I learned these facts two years after my father died, and I became a beneficiary of the financial reparations the federal and provincial governments awarded in the years that followed. But none of that compensated for the Dad-sized hole in my life. I suspect that for the loved ones of the more than 3,000 people in Britain who have died and the 27,000 others still living through this catastrophe, the same will be true: Nothing can erase those losses.

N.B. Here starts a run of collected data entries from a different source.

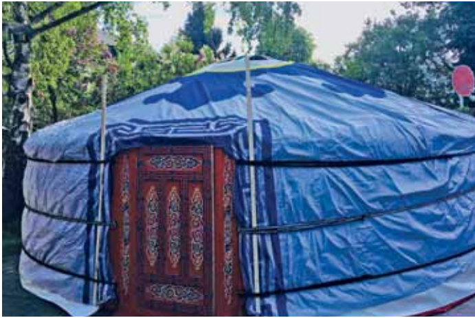
Herzlich willkommen in der Jurte

Kunstworkshops für Familien in den Bergstadtteilen
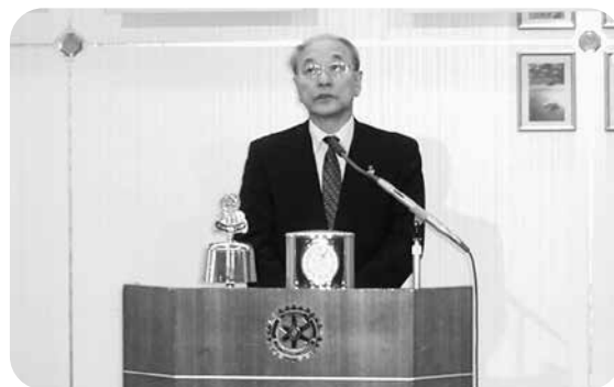
ガバナー、少しお疲れ気味でしょうか。
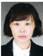
이런 주제로 우수 발표상을 수상한 바 있다.

임상의들이 기성 지르코니아 크라운 수복을 정확히 시행하기 위한 임상적 가이드라인을 제
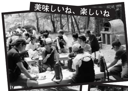
美味しいね、楽しいね

8月29日(火)、「ふるさと探検・伝々（でんでん）」が蒼社川（龍岡中村）で開催され、地域の小学児童25人が参加し、アユやアマゴのつかみどりを楽しみました。川遊びの後、自分たちでとった魚の塩焼きなど頬張り、満面の笑みで夏休みを満喫しました。
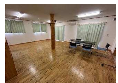
広々フリースペース内に、室内全体を暖めてくれる薪ストーブがあります♪ 住宅として、事業用オフィスとして・・・明るい室内は使い方も広がります
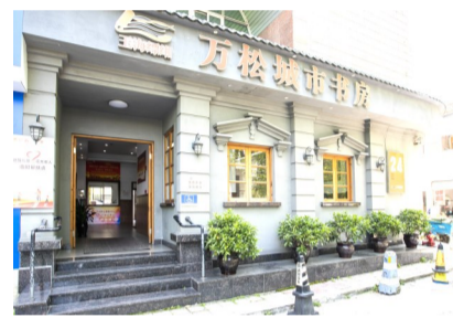
万松城市书房(已关闭)
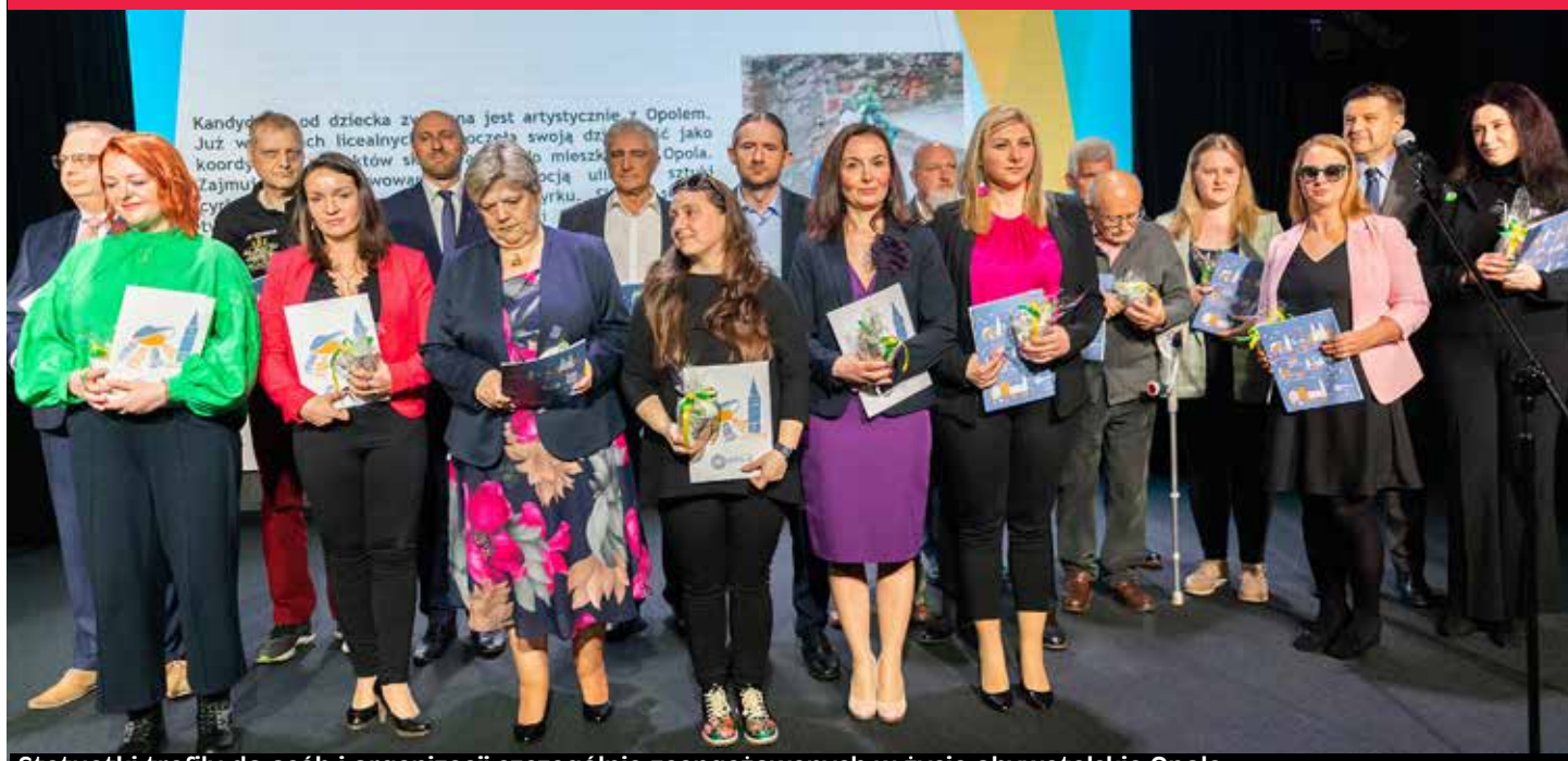
Statuetki trafiły do osób i organizacji szczególnie zaangażowanych w życie obywatelskie Opola.

stwa w Opolu. Od 2011 roku wielokrotnie była współorganizatorem letniego wypoczynku dla dzieci funkcjonariuszy i pracowników więziennictwa. Od kilku lat jest przewodniczącą Funduszu Pomocy Doradź przy Zarządzie Głównym NSZZ FiPW oraz przewodniczącą Funduszu Pomocowego przy Centralnym Zarządzie Służby Więziennej w Warszawie

Yet, I am hopeful that this moment holds the possibility of a different kind of healing. After 40 years of fighting to be acknowledged, Britain’s victims and their loved ones are getting the chance to speak. Their stories of heartbreak and pain are no longer silenced by skepticism; instead, they are being centred in the global dialogue.
The inquiry reviewed more than 4,000 victim statements, and an entire volume was devoted to “People’s Experiences.” These deeply personal accounts of coping with pain, illness, and loss are what help us to understand what it was like, and prompt us to care. As Sir Brian said, in an interview with The Guardian: “[It’s] suffering that is very difficult to put into words. You really have to listen to people who’ve lived it to hear and to understand.”
As a writer, I know firsthand the power of personal stories. Sharing mine pulled me from the loneliness and silence, and facilitated opportunities for genuine connection. The findings of Canada’s inquiry 20 years ago sparked the courage that would eventually allow me to engage with this public tragedy and begin to understand its lasting consequences. The report gave me tools to locate my family’s story within the greater AIDS narrative. They showed me that my loss and the legacy of the trauma that remains are not singular, lonely experiences, but rather that they are part of the collective memory, and others feel them too. It made my experience matter.
Public apologies and media attention won’t change the circumstances of the British blood scandal, but they will validate the stories of those who’ve lived them. That validation sets the path toward a new conversation – one with space for victims to put down pieces of their suffering and give others the chance to share the burden. Perhaps then they will encounter the relief of being fully seen and, after such a long wait, know that their experiences matter too.